TO KEEP YOUR financial life simple, you’ll want to stash your investment dollars at just one or two financial companies. Which firms should you pick? Look for fund companies and brokerage firms that offer the investments you’re aiming to buy—and do so at a modest overall cost.
That immediately brings up a key decision: Do you plan to buy index mutual funds, exchange-traded index funds (ETFs) or some combination of the two? Index mutual funds are bought directly from the fund company involved, while ETFs are listed on the stock market and can be traded through any brokerage firm.
If you want index mutual funds, you have three main choices: Fidelity Investments, Charles Schwab and Vanguard Group. These are also the three choices if you’re planning to purchase a target-date index fund—discussed in step 4.
What if you prefer ETFs? Now, you could potentially use any financial firm with a discount brokerage arm. That means not only Fidelity, Schwab and Vanguard, but also places like Ally Invest, E*Trade, Interactive Brokers and Merrill Edge.
ETFs come in more flavors than index mutual funds, plus they have the potential to be marginally more tax-efficient. The downside: When you buy or sell an ETF, you’ll lose a little to the bid-ask spread, plus you could be charged a commission.
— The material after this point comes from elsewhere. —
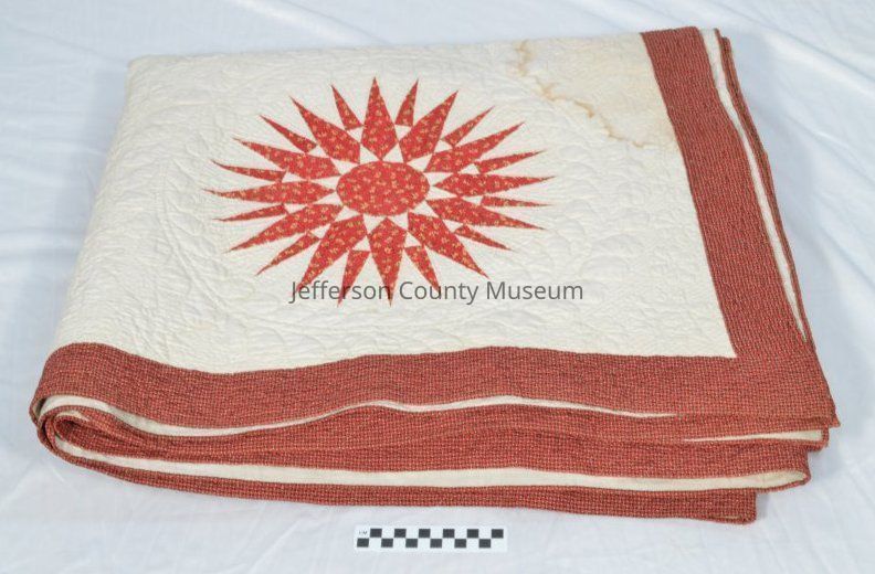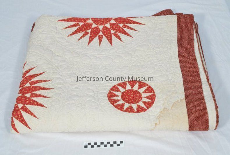 Sunburst pattern cotton and muslin quilt. Turkey red cottons and white cottons were used for pattern; 2.5" border of turkey red. 18 - 16.5" circular pieced blocks with a sunburst design; 4 - 9" smaller sunbursts in between large circles. Backing is three segments of muslin. Finished by lapping border narrowly over backing. Low loft cotton batting. Quilting is dense with 6-7 stitches per inch. Quilting pattern is to the shape in the sunbursts; .25" parallel lines; diagonals 1/16 apart; feathered wreaths, small sunbursts, and small flowers.Acquisition

This isn’t a big deal if you trade only occasionally. But if you’re regularly adding to your ETF portfolio, or selling from it, those trading costs could really add up. That’s why index mutual funds may be a better bet.
As you pick from among financial firms, keep in mind that it isn’t just about trading costs and index fund expenses. Also pay attention to other costs, such as account maintenance fees and the annual expenses on the firm’s money market funds. Many brokerage firms make much of their profit from the money market funds or other cash accounts that they offer.
What if you have no choice in financial firm—because you’re investing through your employer’s 401(k) or 403(b) plan? As you read the steps that follow, try to figure out which funds in your employer’s plan most closely resemble those described here. Because of the tax benefits and any matching employer contribution, you’ll almost always want to contribute to a 401(k) or 403(b). But that may, alas, mean buying actively managed funds and paying high annual fund expenses.